- _Activity_
Give back, unaltered, the lines from the one with "夕阳余晖洒满山坡,一人背着行" to the end of the material, omitting pictures.

- _Provided material_

-*-*-

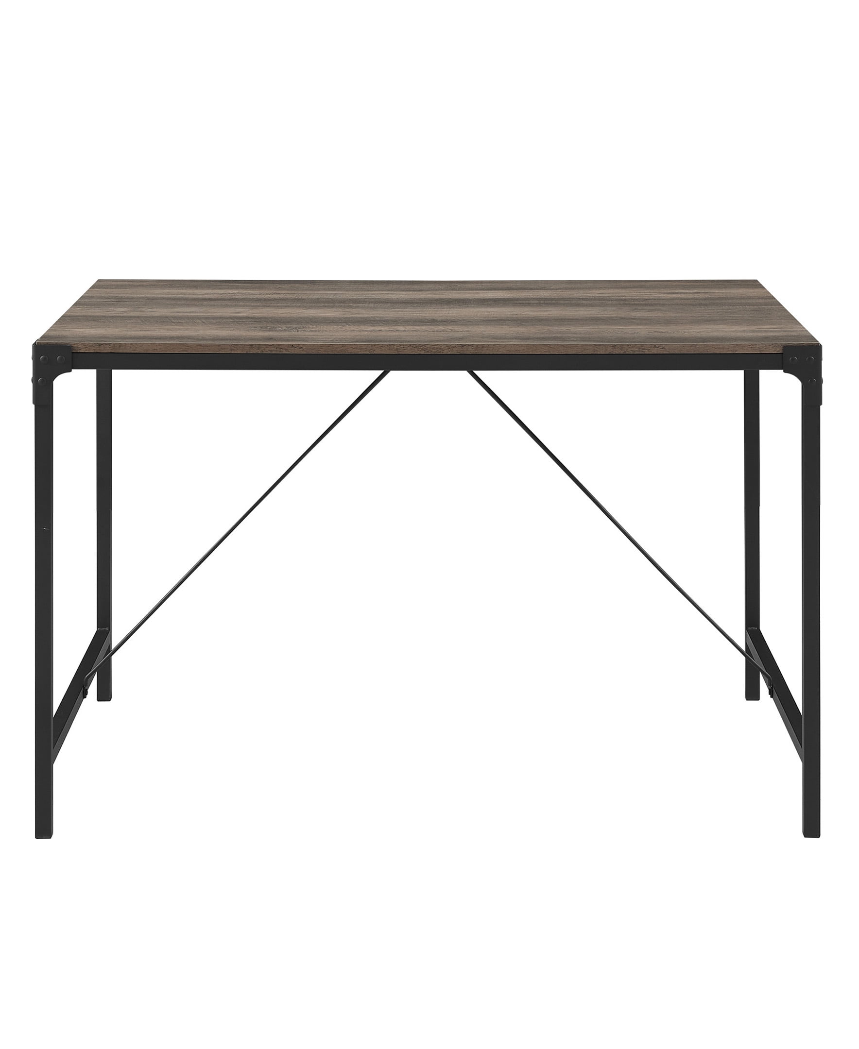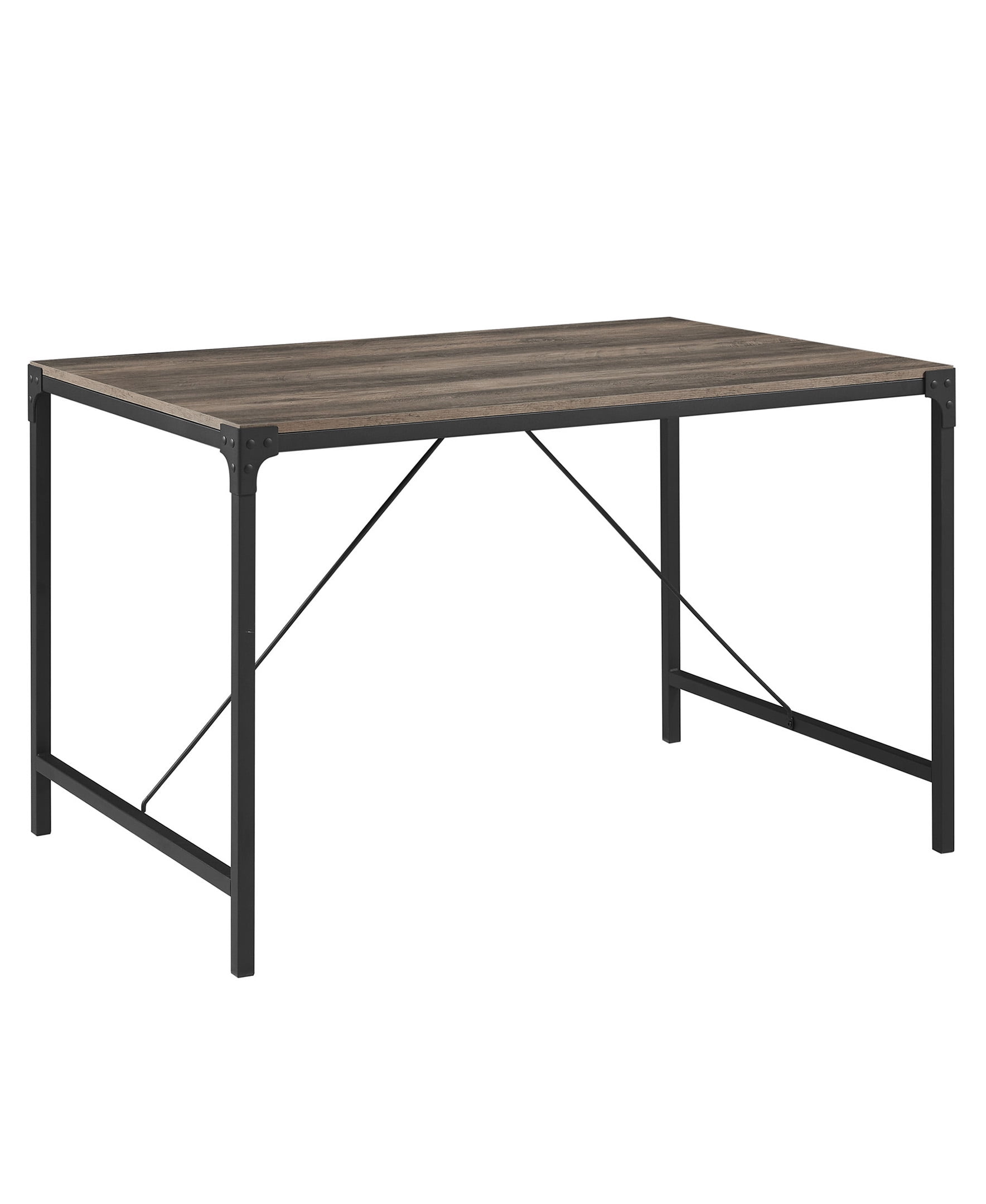 Woven Paths 48 Inches Angle Iron Rustic Wood Dining Table, Grey Wash: Industrial style Powder-coated metal legs and corner details Durable, long-lasting construction great for everyday use Perfect for your kitchen or dining room High-Grade MDF, Powder-Coated steel, Durable Laminate with melamine 30″ H x 48″ L x 32″ W 45 lbs Ships ready-to-assemble with step-by-step instructions
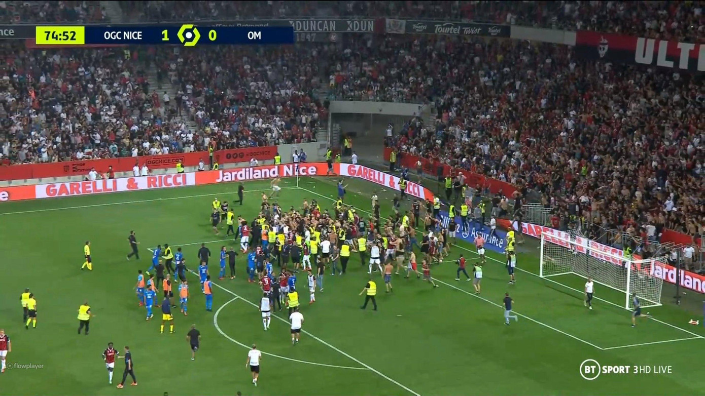 Các cầu thủ Marseille tiến vào phòng thay đồ để tránh nạn và nhất quyết không chịu quay trở lại. Trận đấu buộc phải hủy bỏ, thời điểm này Nice đang dẫn trước 1-0. Theo quy định của Ligue 1, Marseille sẽ bị xử thua 0-3 vì bỏ trận đấu.
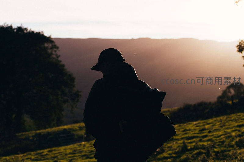 夕阳余晖洒满山坡,一人背着行囊缓步前行,身影被拉长成剪影,与起伏的绿色田野和远处山峦构成诗意黄昏图景。
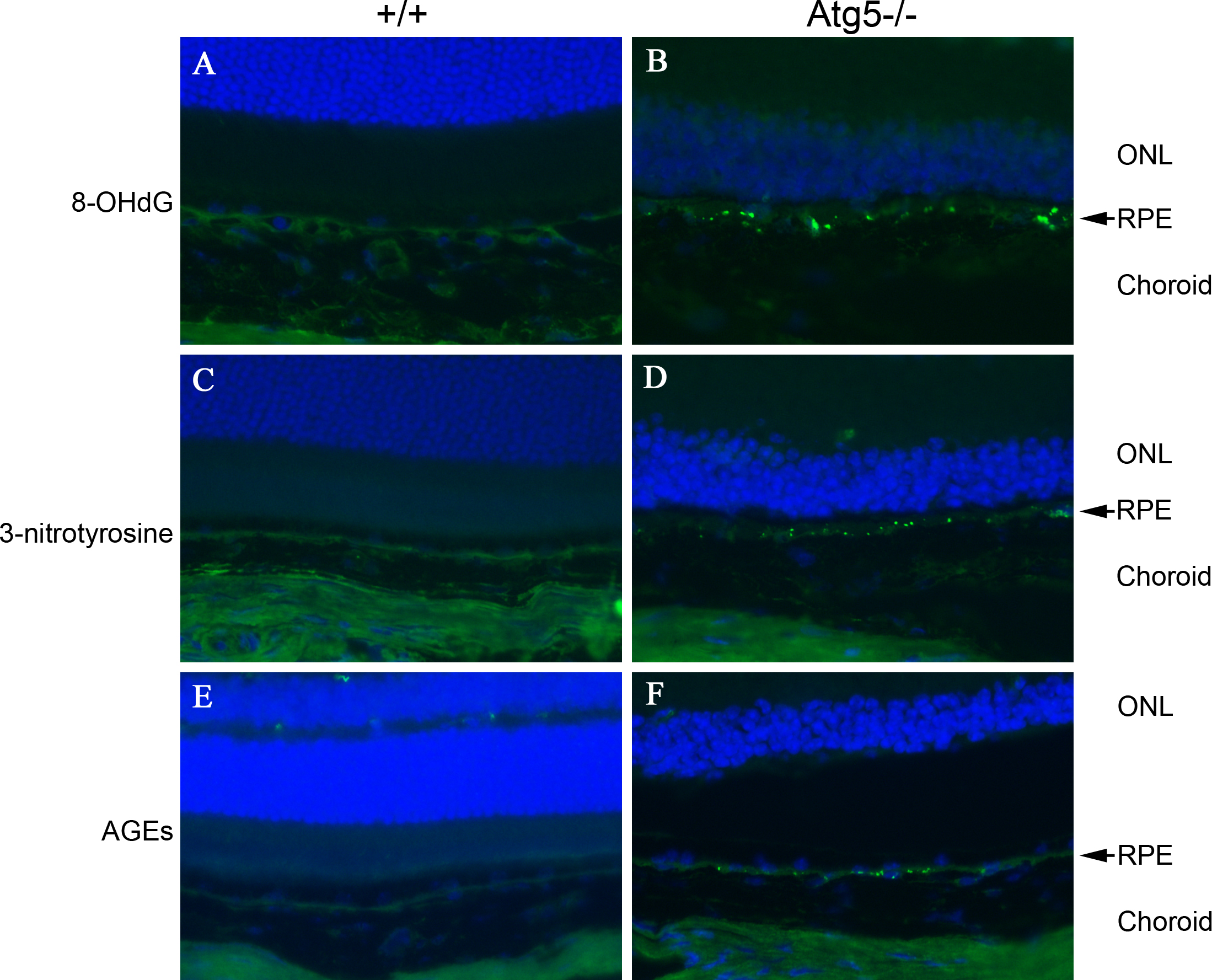Figure 2. Increased levels of oxidized proteins and DNA in the RPE of aged Atg5ΔRPE mice. Frozen sections from 8-month-old wild-type (+/+; A, C, E) and Atg5ΔRPE (Atg5−/−; B, D, F) mice were stained with antibodies (green signal) against 8-hydroxy-2’-deoxyguanosine (8-OHdG; A and B), 3-nitrotyrosine (C and D), or advanced glycation end products (AGEs; E and F). Note the bright green punctate staining in the RPE of the Atg5ΔRPE mice. The nuclei were stained with 4’,6-diamidino-2-phenylindole (DAPI; blue signal).

-*-*-

- _Expected answer_
 夕阳余晖洒满山坡,一人背着行囊缓步前行,身影被拉长成剪影,与起伏的绿色田野和远处山峦构成诗意黄昏图景。
Figure 2. Increased levels of oxidized proteins and DNA in the RPE of aged Atg5ΔRPE mice. Frozen sections from 8-month-old wild-type (+/+; A, C, E) and Atg5ΔRPE (Atg5−/−; B, D, F) mice were stained with antibodies (green signal) against 8-hydroxy-2’-deoxyguanosine (8-OHdG; A and B), 3-nitrotyrosine (C and D), or advanced glycation end products (AGEs; E and F). Note the bright green punctate staining in the RPE of the Atg5ΔRPE mice. The nuclei were stained with 4’,6-diamidino-2-phenylindole (DAPI; blue signal).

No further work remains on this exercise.